The potential difference applied across a given conductor is doubled. How will this affect (i) the mobility of electrons and (ii) the current density in the conductor? Justify your answers.

Two coils $$C_1$$ and $$C_2$$ are placed close to each other. The magnetic flux $$\phi_2$$ linked with the coil $$\mathrm{C}_2$$ varies with the current $$I_1$$ flowing in coil $$C_1$$, as shown in the figure. Find

(i) the mutual inductance of the arrangement, and

(ii) the rate of change of current $$\left(\frac{d \mathrm{I}_1}{d t}\right)$$ that will induce an emf of 100 V in coil C$$_2$$.

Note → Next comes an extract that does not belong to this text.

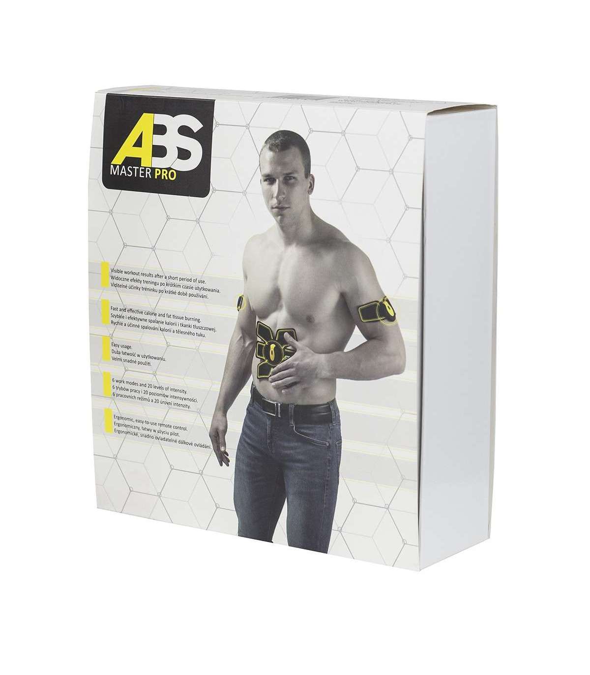 ABS Master Pro is your personal way to build a perfect silhouette. It's a muscle shaping revolution. Its main goal is to build and to strengthen abdominal muscles, but due to additional panels it will work for the whole body. It is a perfect complement to the classic training. It facilitates increase of strength and endurance of muscles.EMS electric waves, which ABS Master Pro lets through a body, force muscle contraction and relaxation. This pulse comes from an electrode placed in the cap, which is put on during a workout. The impulses reach the deepest muscle fibers, which improves their form and warrants results much faster compared to a classic workout.The device has 6 operation modes and 20 levels of intensity. Consequently, one can perfectly match the workout to his/her needs and the proficiency level. ABS Master Pro can be used during a classic workout as well as at the time of daily activities. The main difference between a standard training and ABS Master Pro is that joints are not strained. EMS waves shape and strengthen the body without a risk of injury.To achieve effects with ABS Master Pro you need 20 minutes a day only, without extensive effort and murderous exercises. Thanks to this revolutionary small device you will significantly improve the efficiency of your workouts, save time and money and moreover, you avoid a situation when an injury is even possible. Additionally, you will strengthen your muscles, improve your fitness, burn unnecessary fat tissue and make they your metabolism jumps into a higher level. ABS Master Pro is great irrespective of your age and proficiency level.Specification:Color: black-yellowMassage device type: electrostimulatorMuscle stimulator:belly: yesarms: yesNumber of intensity levels: 20Number of operating modes: 6Set contains:large main panel: yessmall panel: yestransmitters: yesremote: yesMain panel dimensions (lgth/wdth) (mm): 180 x 168Small panel dimensions (lgth/wdth) (mm): 180 x 93Main panel power supply: built-in batterySmall panel power supply: built-in batteryButtock panel power supply: built-in batterySafe ambient temperature: 15 ÷ 35 deg. CProduct weight (g): 200Remarks: Not for commercial use24 months warrantyImporter: Abisal Ltd. | Poland | 41-807 Zabrze | Pyskowicka Street 17 | e-mail: abisal@abisal.plAbisal Ltd.. declares that the products sold by the company are safe and meet the requirements contained in the Act on General Product Safety of December 12, 2003. (Journal of Laws of December 31, 2003)

(a) A plane wave-front propagating in a medium of refractive index '$$\mu_1$$' is incident on a plane surface making an angle of incidence (i). It enters into a medium of refractive index $$\mu_2\left(\mu_2>\mu_1\right)$$. Use Huygen's construction of secondary wavelets to trace the retracted wave-front. Hence, verify Snell's law of refraction.

OR

Using Huygen's construction, show how a plane wave is reflected from a surface. Hence, verify the law of reflection.